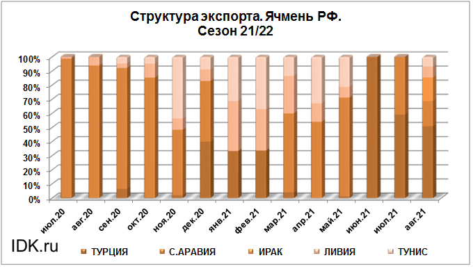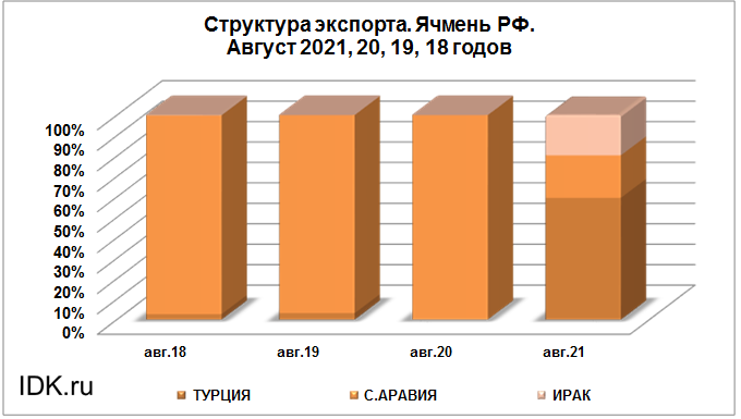 Объем поставок ячменя на экспорт за период с июля 2020 года по август 2021 года в Турцию составил 362.52 тыс. тонн, что на 359.41 тыс. тонн больше объема поставок в данную страну в прошлом сезоне на тот же отчетный месяц.
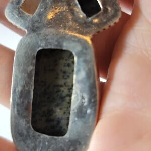 This captivating artisan pendant showcases a large rectangular dendritic jasper cabochon, featuring mesmerizing natural fern-like inclusions. A golden Baltic amber dome, a deep purple sugilite accent, and a luminous square-cut moonstone enhance its allure. Each exquisite gem is carefully bezel-set in textured 925 sterling silver, creating a harmonious blend of earthy, mystical, and glowing tones. This pendant includes a complimentary 20-inch sterling silver snake chain. A truly unique treasure for discerning gemstone collectors and lovers of statement jewelry. Add a touch of artistry and elegance to your collection with this exceptional piece!
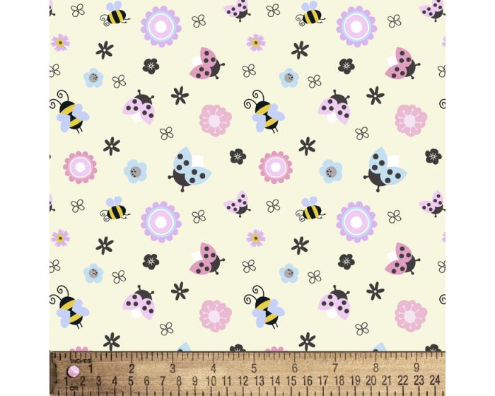 Ladybugs Bumblebees Digital Cotton Print Fabric | By the Yard | Sewing and Crafting | 44 inches wide
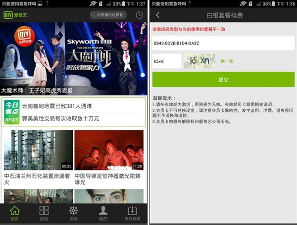 爱奇艺视频APP与应用商店下载的没有什么不同,当然吸引人的还是价值180元的半年VIP会员卡,需要注意的是,这是黄金会员卡,如果你目前是白银会员,那么暂时还无法激活;如果还不是会员、或者已经是黄金会员了,那么半年的会员就可以到手了。
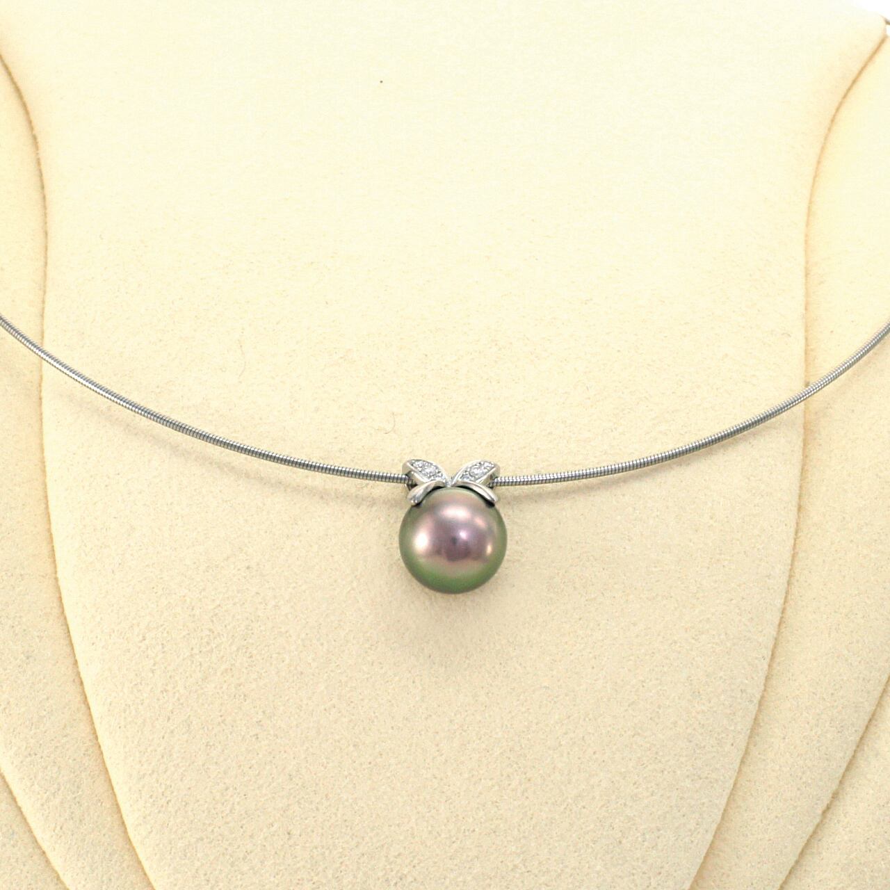 素材:黒蝶真珠10~11ミリ バチカン部分のダイヤモンド6石(0.062ct)
──────────
Print only the lines running from the line that contains "爱奇艺视频APP与应用商店下" to the final line of the listing, both included. Omit every picture.

 爱奇艺视频APP与应用商店下载的没有什么不同,当然吸引人的还是价值180元的半年VIP会员卡,需要注意的是,这是黄金会员卡,如果你目前是白银会员,那么暂时还无法激活;如果还不是会员、或者已经是黄金会员了,那么半年的会员就可以到手了。
 素材:黒蝶真珠10~11ミリ バチカン部分のダイヤモンド6石(0.062ct)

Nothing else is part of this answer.